HKUST-1 (HKUST ⇒ Hong Kong University of Science and Technology), which is also called MOF-199, is a material in the class of metal-organic frameworks (MOFs). Metal-organic frameworks are crystalline materials, in which metals are linked by ligands (so-called linker molecules) to form repeating coordination motives extending in three dimensions. The HKUST-1 framework is built up of dimeric metal units, which are connected by benzene-1,3,5-tricarboxylate linker molecules. The paddlewheel unit is the commonly used structural motif to describe the coordination environment of the metal centers and also called secondary building unit (SBU) of the HKUST-1 structure. The paddlewheel is built up of four benzene-1,3,5-tricarboxylate linkers molecules, which bridge two metal centers. One water molecules is coordinated to each of the two metal centers at the axial position of the paddlewheel unit in the hydrated state, which is usually found if the material is handled in air. After an activation process (heating, vacuum), these water molecules can be removed (dehydrated state) and the coordination site at the metal atoms is left unoccupied. This unoccupied coordination site is called coordinatively unsaturated site (CUS) and can be accessed by other molecules.

Structural analogs

Monometallic HKUST-1 analogs 
Cu2+ was used as metal center in the first synthesized HKUST-1 material, but the HKUST-1 structure was also obtained with other metals. The oxidation state of most used metals is +II, which results in a neutral overall framework. In the case of trivalent metals (oxidation state +3), the overall framework is positively charged and requires anions to compensate the charge and guarantee charge neutrality.

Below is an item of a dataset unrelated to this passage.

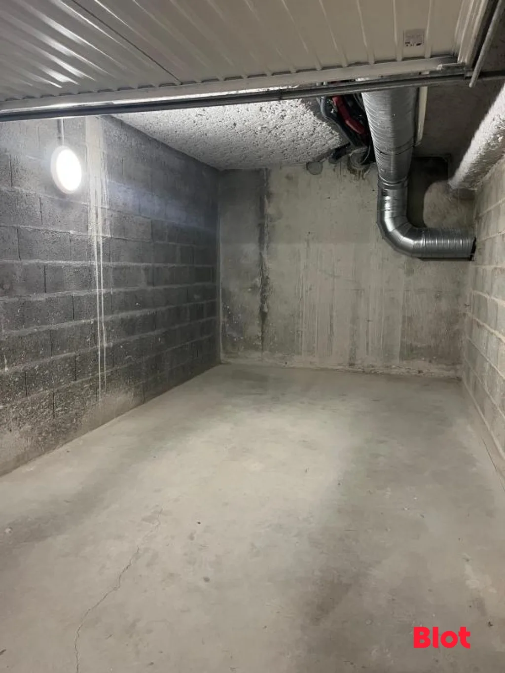 Le garage dispose d'un éclairage et d'une prise électrique. La porte est à ouverture manuelle.

Mixed-metal HKUST-1 analogs 
In addition to monometallic HKUST-1 analogs, several mixed-metal HKUST-1 materials were synthesized, in which two metals are incorporated into the framework structure at crystallographically equivalent positions. The incorporation of two metals can be achieved by using both metals for the synthesis (direct synthesis) or by using post-synthetic metal-exchange. For the post-synthetic metal exchange, a monometallic HKUST-1 material is synthesized in the first step. Subsequently, this monometallic HKUST-1 is suspended in a solution containing the second metal, which results in an exchange of metal centers in the framework leading to a mixed-metal HKUST-1.

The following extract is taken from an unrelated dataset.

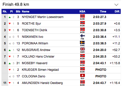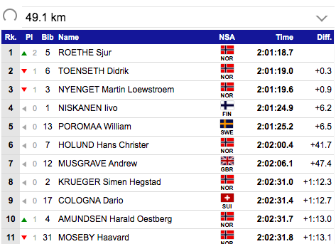 49,1 км. Финишная прямая. Рете вырвался на первую строчку, Тенсет дышит ему в спину (+0,3 секунды), Ньенгет тоже не сильно отстает (+0,9); Нисканен идет четвертым и проигрывает лидеру явно больше (+6,2), как и Поромаа (+6,5).
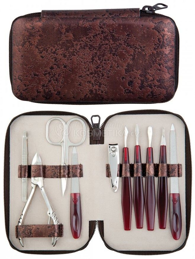 - Koženková manikúrní sada 10-ti dílná v měděné barvě obsahuje manikúrní náčiní značky DUP, které potěší každou ženu.

Theoretically calculated HKUST-1 analogs 
Several HKUST-1 analogs have already been synthesized, but several research groups have investigated the properties of the HKUST-1 structure by means of theoretical calculations. For this purpose, additional metal centers were incorporated into the framework on the theoretical level, which have not been used for the synthesis (e.g. Sc, V, Ti, W, Cd). Theoretical study on a mixed-metal HKUST-1 containing Cu in combination with various other metals (e.g. W, Re, Os, Ir, Pt, Au) were also reported, of which several metal combinations have not been synthesized.